Problem description: Retype the material so that each line matches the original exactly.
[Opening Data provided section]
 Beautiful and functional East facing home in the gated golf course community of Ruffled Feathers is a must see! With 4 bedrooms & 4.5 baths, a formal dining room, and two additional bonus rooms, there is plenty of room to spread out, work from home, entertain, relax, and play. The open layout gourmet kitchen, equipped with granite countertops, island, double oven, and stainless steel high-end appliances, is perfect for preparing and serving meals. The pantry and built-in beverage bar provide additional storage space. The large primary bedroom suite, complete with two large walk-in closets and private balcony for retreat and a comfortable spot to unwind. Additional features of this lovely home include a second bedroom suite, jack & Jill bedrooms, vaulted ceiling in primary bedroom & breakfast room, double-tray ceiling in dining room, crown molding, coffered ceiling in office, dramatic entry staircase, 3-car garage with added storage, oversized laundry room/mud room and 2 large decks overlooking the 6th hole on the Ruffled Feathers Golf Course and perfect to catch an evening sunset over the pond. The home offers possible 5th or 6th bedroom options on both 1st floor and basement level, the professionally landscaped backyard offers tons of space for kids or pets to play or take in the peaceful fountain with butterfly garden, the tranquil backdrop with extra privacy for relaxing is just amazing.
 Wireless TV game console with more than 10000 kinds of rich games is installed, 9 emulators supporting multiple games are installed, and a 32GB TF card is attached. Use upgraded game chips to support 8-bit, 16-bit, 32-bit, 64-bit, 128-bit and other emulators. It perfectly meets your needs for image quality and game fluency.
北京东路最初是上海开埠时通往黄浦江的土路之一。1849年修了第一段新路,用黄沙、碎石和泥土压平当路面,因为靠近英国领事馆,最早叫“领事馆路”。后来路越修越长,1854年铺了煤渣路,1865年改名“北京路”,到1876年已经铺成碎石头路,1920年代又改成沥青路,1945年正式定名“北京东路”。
[Closing Data provided section]
Solution for this exercise:
 Beautiful and functional East facing home in the gated golf course community of Ruffled Feathers is a must see! With 4 bedrooms & 4.5 baths, a formal dining room, and two additional bonus rooms, there is plenty of room to spread out, work from home, entertain, relax, and play. The open layout gourmet kitchen, equipped with granite countertops, island, double oven, and stainless steel high-end appliances, is perfect for preparing and serving meals. The pantry and built-in beverage bar provide additional storage space. The large primary bedroom suite, complete with two large walk-in closets and private balcony for retreat and a comfortable spot to unwind. Additional features of this lovely home include a second bedroom suite, jack & Jill bedrooms, vaulted ceiling in primary bedroom & breakfast room, double-tray ceiling in dining room, crown molding, coffered ceiling in office, dramatic entry staircase, 3-car garage with added storage, oversized laundry room/mud room and 2 large decks overlooking the 6th hole on the Ruffled Feathers Golf Course and perfect to catch an evening sunset over the pond. The home offers possible 5th or 6th bedroom options on both 1st floor and basement level, the professionally landscaped backyard offers tons of space for kids or pets to play or take in the peaceful fountain with butterfly garden, the tranquil backdrop with extra privacy for relaxing is just amazing.
 Wireless TV game console with more than 10000 kinds of rich games is installed, 9 emulators supporting multiple games are installed, and a 32GB TF card is attached. Use upgraded game chips to support 8-bit, 16-bit, 32-bit, 64-bit, 128-bit and other emulators. It perfectly meets your needs for image quality and game fluency.
北京东路最初是上海开埠时通往黄浦江的土路之一。1849年修了第一段新路,用黄沙、碎石和泥土压平当路面,因为靠近英国领事馆,最早叫“领事馆路”。后来路越修越长,1854年铺了煤渣路,1865年改名“北京路”,到1876年已经铺成碎石头路,1920年代又改成沥青路,1945年正式定名“北京东路”。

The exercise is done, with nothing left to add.